Лидия Петровна ЖИДЕЛЕВА

(по мужу Васильева; 26.02.1896, Москва — 1980) — актриса. В МХАТ 2‑м при его открытии была сотрудником. Как большинство членов труппы, прошла вводы в «Сверчка на печи» (одна из исполнительниц роли Мей, невесты Текльтона). Играла крестьянскую девушку в «Балладине», хозяйку харчевни в «Укрощении строптивой», Стешку в «Любви — книге золотой», участвовала в народных сценах «Героя». В первой премьере МХАТ 2‑го («Гамлет») ей досталась роль актрисы-королевы (по замыслу Чехова, принц с тремя бродячими комедиантами репетировал, наново строя в старинной драме мизансцену убийства — показывал, как к склонившейся над телом мужа и ломающей руки женщине подходит убийца, как горделивым жестом указывает ей на себя, как, встав за спиной, кладет ей на лоб ладони и вдавливает двумя пальцами глаза, вливая в ее сознание свою волю). Была занята также в спектакле «В 1825 году» (одна из дворовых Ланских).

1 сентября 1927 г. Ж. была переведена в основной состав. Оставалась здесь до 1 сентября 1930 г. После ухода некоторое время работала в Московском рабочем художественном театре, которым руководил другой выходец из МХАТ 2‑го А. М. Должанский. В сезоне 1930/31 г. ее сослуживцами тут были также расставшиеся с МХАТ 2‑м С. Б. Васильев, К. В. Вахтеров, Г. К. Маркс и др.

К. Р.

Андрей Матвеевич ЖИЛИНСКИЙ

(наст. фам. Голяк; 10.1.1893 – 1948) — актер, режиссер, педагог. Известен так же как Андрюс Олека-Жилинскас. Родился в семье московского врача, выходца из юго-западной {392} Литвы (Сувалки). С семейными пристрастиями связаны первые домашние опыты любительского театра на литовском языке и участие в них Ж. Год проучившись в Московском университете, он оттуда уходит. В 1918 – 1922 гг. сотрудник МХТ (участвовал в массовках и эпизодах). Основная деятельность Ж. связана с Первой студией и МХАТ 2‑м (1913 – 1929). В 1917 г. был введен на роль Неизвестного в «Сверчке на печи». Год спустя Вахтангов, называя его имя в письме к Станиславскому, еще колеблется: сможет ли начинающий актер справиться с ролью Ангела в «Каине» (в студии этот замысел осуществлен не был). Впрочем, «лицо у него есть для этого и голос». Первая большая роль Ж. — Герд в «Гибели “Надежды”» (1919). С этого времени он был занят во многих спектаклях студии, а потом МХАТ 2‑го, но надолго так и остался — «лицом» и «голосом». Внешние данные давали основание для ролей, в которых нужны стать и благородная повадка.
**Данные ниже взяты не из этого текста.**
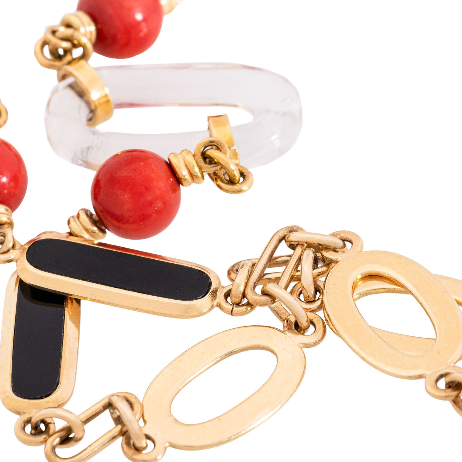 Gliederkette, mit Onyxplatten, Kunststoffösen und Korallenkugel besetzt.
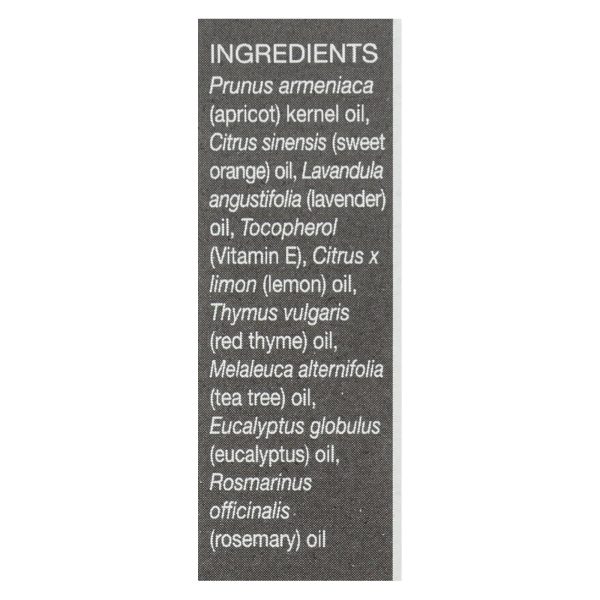 ingredients : prunus armeniaca;apricot;kernel oil;citrus sinensis;sweet orange;oil;lavandula angustifolia;lavender;tocopherol;vitamin e;citrus x limon;lemon;thymus vulgaris;red thyme;melaleuca alternifolia;tea tree;eucalyptus globulus;eucalyptus;rosmarinus officinalis;rosemary
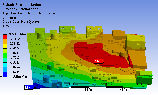 · PCB熱變形 以PCB為研究對象,采用軟件ANSYS Mechanical研究PMC降溫過程及reflow過程中PCB翹曲的變化。
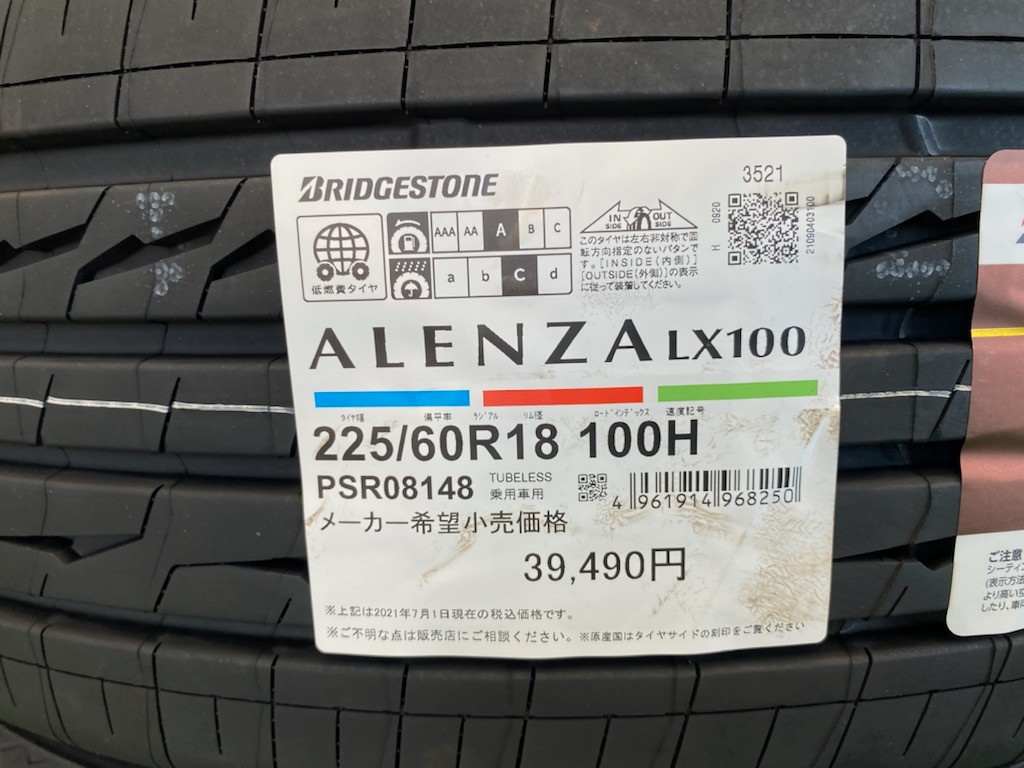 ALENZA LX100サイズ:225/60R18 こちらのタイヤは、SUV専用タイヤで、静粛性・耐摩耗性・ふらつきを小さくするなど性能が備わっています。他のタイヤには無い快適さがありとてもいいタイヤにになっております。
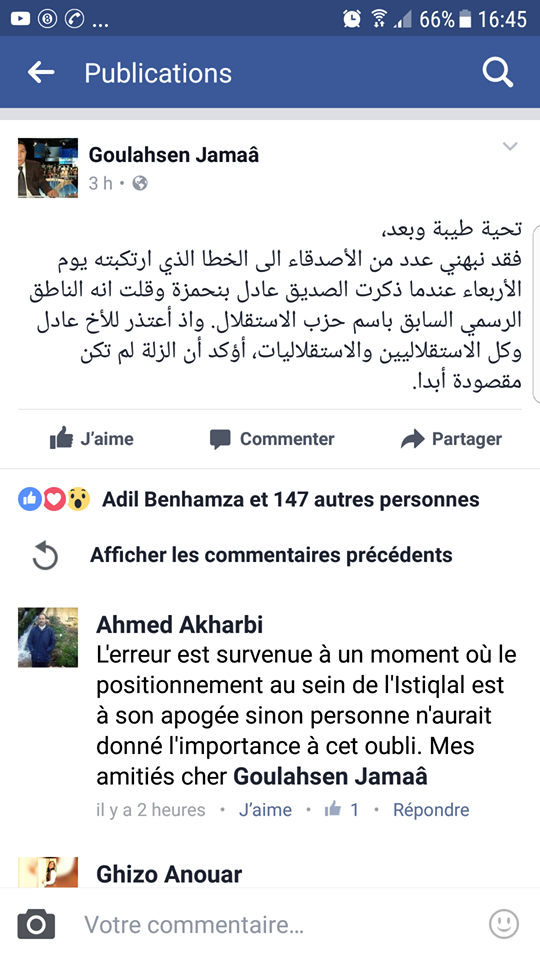 و قال كولحسن في تدوينة في صفحته الرسمية بالفيسبوك : " نبهني عدد من الأصدقاء الى الخطا الذي ارتكبته يوم الأربعاء عندما ذكرت الصديق عادل بنحمزة وقلت انه الناطق الرسمي السابق باسم حزب الاستقلال. واذ أعتذر للأخ عادل وكل الاستقلاليين والاستقلاليات، أؤكد أن الزلة لم تكن مقصودة أبدا " .
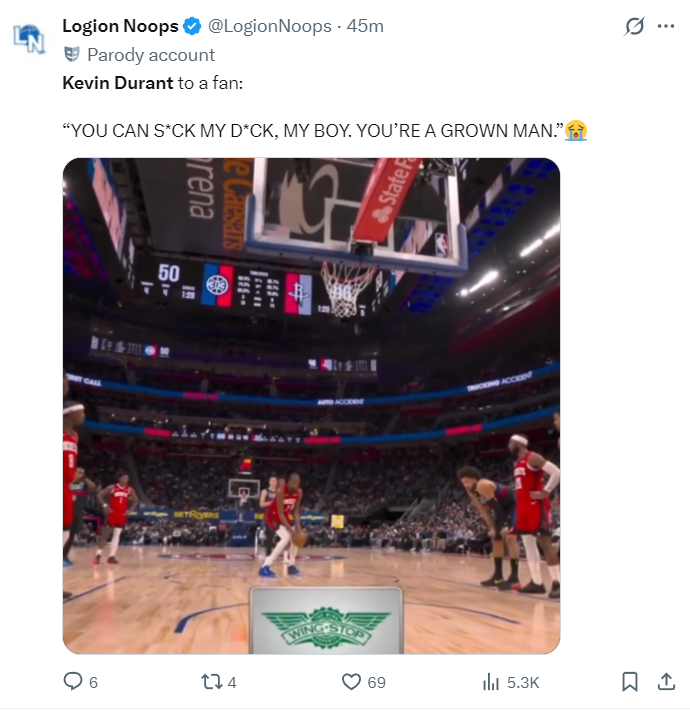 第二节杜兰特在罚球命中后他朝着看台的一位活塞球迷喷垃圾话,因为话太脏我们就不翻译了,杜兰特无愧是垃圾话之王。
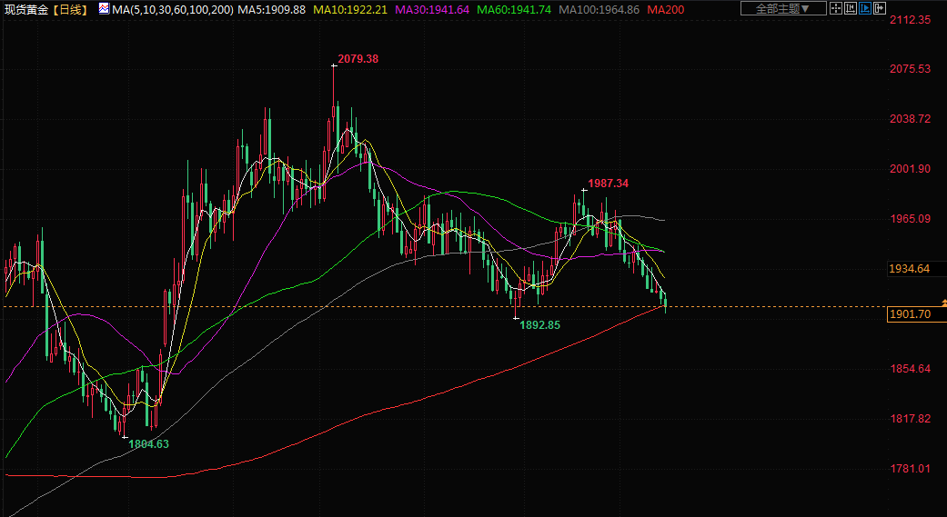 美国商务部周二表示,美国7月零售销售增长0.7%,这表明美国经济在第三季度初继续扩张。OANDA美洲高级市场分析师Edward Moya说,“又是一份令人印象深刻的零售销售报告,这表明经济并未疲软,这将迫使美联储继续保留进一步加息的前景,每盎司1,900美元是许多交易员关注的黄金关键价位。”他补充说:“有时,黄金交易会极具技术性,我们可以看到金价在这一水平附近有一些关键支撑。”
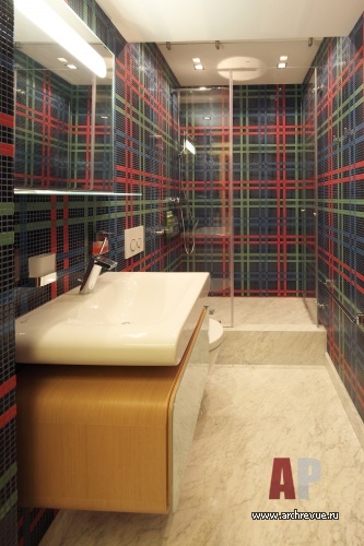 Спальня, гостиная, совмещенная с кухней и столовой, кабинет расположены на одной оси. От центральной гостевой зоны приватные помещения отделены дверями из матового стекла, когда они открыты, квартира воспринимается как единое целое. Помимо жилых помещений в ней предусмотрен два санузла: хозяйский (примыкает к спальне) и гостевой (вход из прихожей).

Работа Ж. в Первой студии прервалась на два года. В 1920‑м он вместе с женой В. В. Соловьевой отправляется в Литву, но ему не удается тогда создать в Каунасе свой театральный коллектив. В Париже супруги входят в театр миниатюр «Летучая мышь» Никиты Балиева, но вскоре, в Праге, присоединяются к так называемой Качаловской группе. К сезону 1922/23 г. Ж. вернулся в Москву, в Первую студию, где репертуарный расклад для него оказывался довольно удачным. Он хорошо вписывался и в линию классики, и в сказочно-символистский модерн: Киркор («Балладина», 1922), герцог Карл («Эрик XIV», 1922). Он в несколько тяжеловесной манере сыграл красавца-адъютанта императрицы Завалишина в комедии «Любовь — книга золотая» (1924), а незадолго перед тем — Эдмунда в «Короле Лире». В этой шекспировской постановке П. А. Марков заметил поиски актером «трагических приемов». Но, в силу значительных текстовых сокращений сцен с двумя сыновьями Глостера, приходилось свидетельствовать лишь о «прилежной скупости» игры (Марков, т. 3, с. 120 – 121).
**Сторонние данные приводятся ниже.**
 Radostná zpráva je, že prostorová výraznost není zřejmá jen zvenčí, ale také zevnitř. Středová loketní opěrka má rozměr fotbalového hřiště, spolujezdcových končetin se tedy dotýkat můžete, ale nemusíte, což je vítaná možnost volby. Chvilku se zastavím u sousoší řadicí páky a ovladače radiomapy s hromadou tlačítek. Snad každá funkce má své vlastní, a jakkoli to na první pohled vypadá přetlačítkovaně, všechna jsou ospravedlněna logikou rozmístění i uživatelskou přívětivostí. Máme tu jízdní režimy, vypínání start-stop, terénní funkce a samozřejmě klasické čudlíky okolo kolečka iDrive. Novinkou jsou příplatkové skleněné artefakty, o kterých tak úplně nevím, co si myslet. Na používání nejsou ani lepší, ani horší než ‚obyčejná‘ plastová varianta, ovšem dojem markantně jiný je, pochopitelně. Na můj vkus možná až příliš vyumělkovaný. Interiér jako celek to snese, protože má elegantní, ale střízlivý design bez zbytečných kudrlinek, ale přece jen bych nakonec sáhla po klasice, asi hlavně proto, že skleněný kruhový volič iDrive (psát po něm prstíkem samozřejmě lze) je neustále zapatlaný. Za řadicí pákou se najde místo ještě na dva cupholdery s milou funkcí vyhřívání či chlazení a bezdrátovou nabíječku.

О внешних данных Ж. щедро скажет Чехов, что они «зачаровывали публику». «Красивое, правильное лицо, стройная высокая фигура и глубокий, проникающий в душу голос — все было к услугам этого замечательного актера» (МЧ, т. 1, с. 232). В перечень ролей Ж. входит Николай I («В 1825 году»), Гюллен («Взятие Бастилии»), {393} Оскар Стронский («Евграф, искатель приключений»), лорд Дэвид («Человек, который смеется»). В «Закате» Ж. играл «гусара» Левку Крика — назначение на роль выглядело странностью, как и назначение роли Нехамы В. В. Соловьевой: актерам с признанным тяготением к лаконизму и к «трагическим приемам игры» поручались персонажи, требующие едва ли не преувеличенно бытовых черт и ритмов. На таких «мелких и подвижных ритмах» Ж. и построил свою роль.
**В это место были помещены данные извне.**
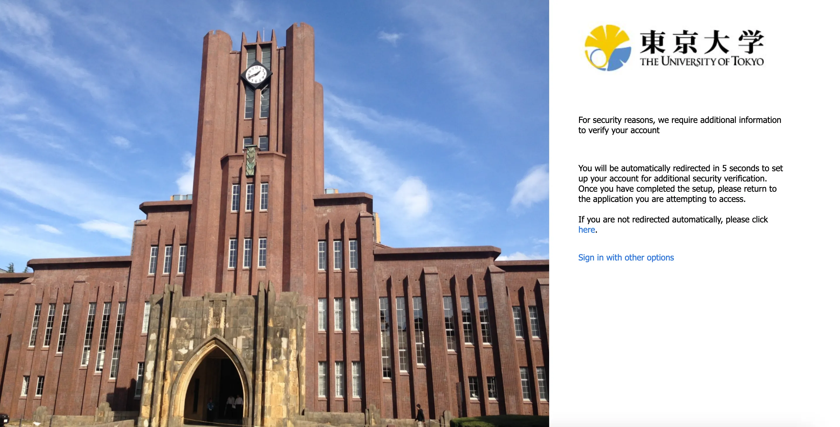 When you sign in to the UTokyo Account, you may receive a “For security reasons, we require additional information to verify your account” error as in the image above depending on the MFA setting. This may occur when you apply for MFA use (Step 4) before setting up the verification methods (Step 1, Step 2) in the initial setup procedures of MFA. Please register the verification methods by following the procedures in “Step 1: Set Up the First Verification Method” and “Step 2: Add Alternative Verification Methods”.
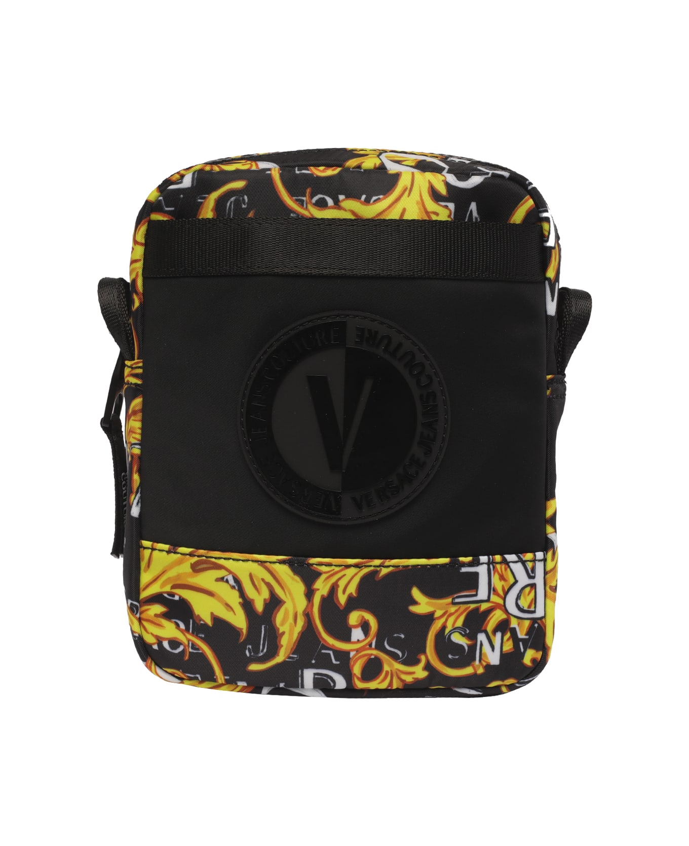 Versace Jeans Couture, black V-Emblem crossbody bag with zip closure, inner and external open pocket , adjustable and removable shoulder strap, Couture logo printed Composition: 100% Polyester

В 1926 г. он играет Ореста в неудачной постановке «Орестеи». При кажущемся внешнем соответствии античному герою, значительного образа не сложилось. В спектакле отсутствовала единая сильная мысль. Зритель, приславший в театр подробный разбор, советовал режиссеру в другой раз дать Ж. роль еврипидовского Ипполита (ГЦТМ, 538.65). Возможно, это действительно больше соответствовало бы цельности натуры актера, его волевым и душевным качествам.

В нем жило не трагическое, но не менее важное, сопутствующее трагедии начало: пропускать через реальность собственной личности чужие беды и бездны, откликаться на них. Михаил Чехов, крепко уверовавший в дарование Ж. еще в 1923 г., занимался с ним ролью графа Киркора в поэтической драме Словацкого. Напутствовал актера, подсказывал ключ: встреча Киркора с королем-изгнанником, решимость восстановить право, отомстить тем, кто его попирает. Быть «одержимым идеей». «Надо оценить, какой это могучий, горячий, безумный… рыцарь, которого свела с ума такая большая мысль и который выполняет ее, не останавливаясь ни перед чем» (МЧ, т. 2, с. 62).

Свои замечания участникам спектакля «Балладина» Чехов делал 29 апреля 1923 г. — то есть спустя 17 дней после официального решения начинать «Гамлета». В «Гамлете» Ж. получил роль 1‑го актера.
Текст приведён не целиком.